American researchers from Yale University, Harvard, and the Massachusetts Hospital have spent years studying the role of the brain in impulsive behavior. Guided by magnetic resonance imaging, they measured the size of brain regions and curiously found that impulsivity in young adults it is related to a thinner cortex in those areas of the brain responsible for decision making, emotional management and self control.

As the authors of this study state, changes in the thickness of these brain structures are related to a subjective perception of young people to act on impulse and of course, with the use of psychoactive substances that we have mentioned previously.

1. Make use of relaxation techniques

At the moment when you feel that insistent desire to carry out an activity, relaxation and breathing are your best ally. Experts advise to take a deep breath, hold it and release it slowly. It is a way of reducing physiological arousal as a message is sent to the brain to slow down.. This allows you to think better and avoid impulsive choices.

  • Related article: "7 easy relaxation techniques to combat stress"

2. Know what the trigger is

Identifying whether there is a trigger for impulsive behavior is of the utmost importance. If you can find out what situation, emotion or ultimately what stimulus triggers impulsivity, it will be much easier to solve the problem. For it, introspection can be done to detect the exact moment and it is even recommended to keep a diary where it can be written every time something internal or external triggers said behavior.

3. Learn to deal with frustration

We don't always get what we want or expect. In fact, it could be said that there are more times when things do not work as we had planned than the other way around. We mention this because in many cases, impulsivity is a response to feelings of frustration. In this sense, it is important work cognitive flexibility and learn to have adaptive responses. We must work on managing our emotions and behaviors in situations that generate frustration.

  • You may be interested in: "Emotional management: keys to master your emotions"

4. Although it is difficult, to reflect

It is very convenient for impulsive people to carry out a reflection process with the aim of anticipate the consequences of their behavior both in the short and long term. It is important that they stop, and during that pause they can carry out an introspection exercise and reflect to reduce the automatic responses that they are used to giving.

5. In extreme cases, go to psychotherapy

If the problem refuses to disappear and/or has a psychopathological cause, it is important to seek professional help as soon as possible.

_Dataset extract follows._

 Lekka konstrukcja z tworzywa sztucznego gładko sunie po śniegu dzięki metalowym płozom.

How to be in control of what I do without assertiveness problems?

As we have seen, the chains that bind us to short-termism and to reproducing behaviors that harm us over and over again more than what benefits us can arise from the fear of saying no, from the lack of assertiveness in relationships personal. In the face of this type of complications, keep these tips in mind to have control over your life:

1. Set clear boundaries from the start

Yeah shows from a good start what are the "rules of the game" When dealing with you, if someone steps over those lines, it's up to him or her to justify why they did so.

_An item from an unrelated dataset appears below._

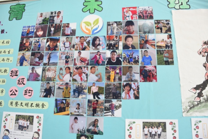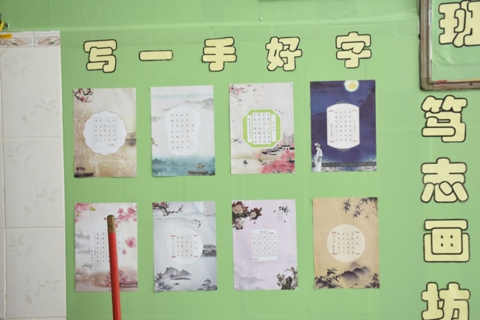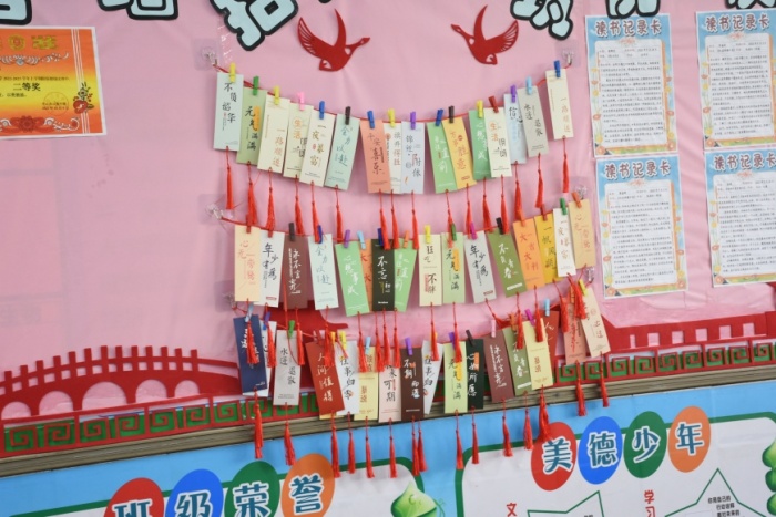 3.各班班主任還非常注重教室文化建設,充分利用教室資源,力求每一面墻都會“說話”,讓每個角落都富有教育意義。每個班級發揮班主任及學生的智慧,精心設計、巧妙布置,力求教室和諧、高雅,具有濃厚的綠色、和諧,彰顯文明溫馨的文化氣息,有的教室的兩側墻壁上掛了不少名人名言,以時時規范孩子行為,處處讓孩子接受知識熏陶的同時,讓孩子們學會做事做人。教室的后面黑板有宣傳欄、班級公務欄等,主要用于張貼課程表、作息時間表、值日輪流表等。黑板報上的內容根據不同注意和一些重要節日實時更新。不同的板塊都在記錄著孩子們成長的點滴,如美術、手抄版、書法等作品。有的板塊張貼著老師與孩子們的合照,下面書寫著班級的名稱、口號和座右銘,那是師生一起追求夢想的見證。也有班級創建了光榮榜,為了讓孩子們有一種健康的競爭意識,見賢思齊,并激發孩子們的學習熱情。
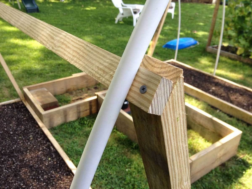 - A long pipe (or two short ones, fastened together) is located in the center of the arcs standing on the base, and is fixed as tightly as possible with clamps or ropes. On this, the assembly of the frame can be considered certified.

  • Related article: "Basic communication skills"

2. Practice self-care routines

If you get used to taking care of yourself physically and mentally, you will get out of the dynamic of constant self-sacrifices to earn the approval of others, since you will begin to value more the way in which you treat yourself.

3. Criticize behaviors you don't like, without focusing on the person

Since at first it will be difficult for you to make an open defense of your rights and priorities, do not complicate yourself unnecessarily: when expressing your discontent with something, do not set yourself the goal of criticizing a person, but to their behaviors that you did not like.

4. Don't assume you owe everyone something

Internalizing the idea that there are no bikes to strive for to fit in with the desires and expectations of others is necessary to gain control over your life.